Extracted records
┄┄┄┄┄┄┄┄┄┄┄┄┄┄┄┄┄┄┄┄

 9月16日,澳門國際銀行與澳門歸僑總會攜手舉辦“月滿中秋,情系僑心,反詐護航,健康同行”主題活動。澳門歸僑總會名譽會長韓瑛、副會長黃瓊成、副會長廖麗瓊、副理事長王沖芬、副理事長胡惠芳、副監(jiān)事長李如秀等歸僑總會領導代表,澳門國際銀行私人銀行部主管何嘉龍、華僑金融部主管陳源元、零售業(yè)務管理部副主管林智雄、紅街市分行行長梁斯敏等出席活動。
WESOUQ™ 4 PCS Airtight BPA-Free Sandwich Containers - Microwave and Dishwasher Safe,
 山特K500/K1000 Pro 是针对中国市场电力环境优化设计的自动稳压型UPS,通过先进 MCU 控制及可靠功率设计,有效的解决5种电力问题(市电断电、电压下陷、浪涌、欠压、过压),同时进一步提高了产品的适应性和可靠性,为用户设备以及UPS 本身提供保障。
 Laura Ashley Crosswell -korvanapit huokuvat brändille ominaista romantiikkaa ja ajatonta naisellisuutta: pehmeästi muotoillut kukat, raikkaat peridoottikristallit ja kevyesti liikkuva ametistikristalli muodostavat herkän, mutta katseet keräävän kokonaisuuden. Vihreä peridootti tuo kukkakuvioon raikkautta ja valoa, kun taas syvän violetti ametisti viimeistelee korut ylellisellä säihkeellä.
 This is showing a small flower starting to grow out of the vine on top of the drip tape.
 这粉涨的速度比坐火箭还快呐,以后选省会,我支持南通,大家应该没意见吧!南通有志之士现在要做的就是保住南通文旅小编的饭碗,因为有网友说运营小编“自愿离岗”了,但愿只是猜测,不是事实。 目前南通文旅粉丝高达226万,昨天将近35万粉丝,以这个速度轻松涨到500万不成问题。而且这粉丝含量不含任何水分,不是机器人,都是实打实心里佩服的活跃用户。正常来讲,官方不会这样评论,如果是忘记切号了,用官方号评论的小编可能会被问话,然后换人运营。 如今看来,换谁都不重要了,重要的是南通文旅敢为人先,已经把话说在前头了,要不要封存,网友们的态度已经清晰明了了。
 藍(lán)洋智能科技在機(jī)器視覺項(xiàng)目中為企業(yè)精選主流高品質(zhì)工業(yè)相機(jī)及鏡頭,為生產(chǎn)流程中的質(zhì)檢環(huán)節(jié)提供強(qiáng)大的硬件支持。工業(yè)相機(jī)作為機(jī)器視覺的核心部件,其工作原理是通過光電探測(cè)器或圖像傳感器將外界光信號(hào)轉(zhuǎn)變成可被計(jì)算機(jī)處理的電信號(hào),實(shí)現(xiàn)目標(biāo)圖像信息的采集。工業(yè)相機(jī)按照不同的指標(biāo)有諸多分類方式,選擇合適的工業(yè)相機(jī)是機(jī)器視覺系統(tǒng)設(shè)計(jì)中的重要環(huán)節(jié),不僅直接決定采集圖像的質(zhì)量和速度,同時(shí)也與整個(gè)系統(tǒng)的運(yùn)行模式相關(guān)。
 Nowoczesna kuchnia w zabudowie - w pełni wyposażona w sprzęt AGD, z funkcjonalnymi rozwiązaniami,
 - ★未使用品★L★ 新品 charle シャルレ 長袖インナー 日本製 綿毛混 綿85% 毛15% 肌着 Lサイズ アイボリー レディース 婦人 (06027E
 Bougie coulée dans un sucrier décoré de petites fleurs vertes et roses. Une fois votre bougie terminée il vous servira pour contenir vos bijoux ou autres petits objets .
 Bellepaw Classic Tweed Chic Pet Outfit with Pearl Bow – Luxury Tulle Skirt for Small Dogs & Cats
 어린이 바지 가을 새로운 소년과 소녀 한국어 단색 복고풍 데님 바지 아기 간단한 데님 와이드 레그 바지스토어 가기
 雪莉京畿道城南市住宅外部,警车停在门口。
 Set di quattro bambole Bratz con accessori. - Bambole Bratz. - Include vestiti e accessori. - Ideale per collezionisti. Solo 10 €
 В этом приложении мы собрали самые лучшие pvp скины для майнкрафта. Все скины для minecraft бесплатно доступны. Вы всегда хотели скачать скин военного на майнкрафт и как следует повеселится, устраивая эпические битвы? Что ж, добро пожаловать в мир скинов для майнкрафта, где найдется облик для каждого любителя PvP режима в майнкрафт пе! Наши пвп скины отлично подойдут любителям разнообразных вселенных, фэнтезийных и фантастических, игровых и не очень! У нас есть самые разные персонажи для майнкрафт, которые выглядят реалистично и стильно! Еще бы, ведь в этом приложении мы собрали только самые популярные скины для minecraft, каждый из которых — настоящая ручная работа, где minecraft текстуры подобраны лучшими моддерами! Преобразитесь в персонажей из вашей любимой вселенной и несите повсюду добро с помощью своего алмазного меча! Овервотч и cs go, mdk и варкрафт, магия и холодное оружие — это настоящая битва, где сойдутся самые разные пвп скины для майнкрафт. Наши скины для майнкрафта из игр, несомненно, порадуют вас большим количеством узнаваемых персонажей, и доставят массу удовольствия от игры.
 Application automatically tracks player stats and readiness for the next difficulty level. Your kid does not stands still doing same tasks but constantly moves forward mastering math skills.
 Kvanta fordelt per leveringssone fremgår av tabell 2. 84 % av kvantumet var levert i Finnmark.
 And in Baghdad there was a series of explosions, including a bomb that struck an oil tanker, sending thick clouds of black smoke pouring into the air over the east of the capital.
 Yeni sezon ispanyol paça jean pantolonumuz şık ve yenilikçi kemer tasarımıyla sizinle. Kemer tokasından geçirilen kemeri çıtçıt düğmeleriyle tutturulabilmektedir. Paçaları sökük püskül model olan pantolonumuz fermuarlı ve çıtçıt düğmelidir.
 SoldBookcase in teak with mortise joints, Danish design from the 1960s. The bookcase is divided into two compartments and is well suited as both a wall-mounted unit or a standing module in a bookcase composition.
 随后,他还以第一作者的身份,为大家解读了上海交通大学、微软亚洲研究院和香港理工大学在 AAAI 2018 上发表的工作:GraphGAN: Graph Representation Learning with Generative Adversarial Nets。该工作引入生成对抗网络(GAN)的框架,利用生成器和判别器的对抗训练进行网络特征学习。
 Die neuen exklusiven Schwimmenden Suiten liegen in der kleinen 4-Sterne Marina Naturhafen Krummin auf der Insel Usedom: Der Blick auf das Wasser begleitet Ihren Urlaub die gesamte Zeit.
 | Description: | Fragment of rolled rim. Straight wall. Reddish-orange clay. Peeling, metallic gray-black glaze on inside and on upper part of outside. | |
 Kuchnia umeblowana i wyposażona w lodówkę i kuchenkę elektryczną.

┄┄┄┄┄┄┄┄┄┄┄┄┄┄┄┄┄┄┄┄

Problem to work on: Extract exactly and only the lines above from the line containing "Bellepaw Classic Tweed" through the line containing "雪莉京畿道城南市住宅外部,警车停在门口。", both end lines included.

Reply:
 Bellepaw Classic Tweed Chic Pet Outfit with Pearl Bow – Luxury Tulle Skirt for Small Dogs & Cats
 어린이 바지 가을 새로운 소년과 소녀 한국어 단색 복고풍 데님 바지 아기 간단한 데님 와이드 레그 바지스토어 가기
 雪莉京畿道城南市住宅外部,警车停在门口。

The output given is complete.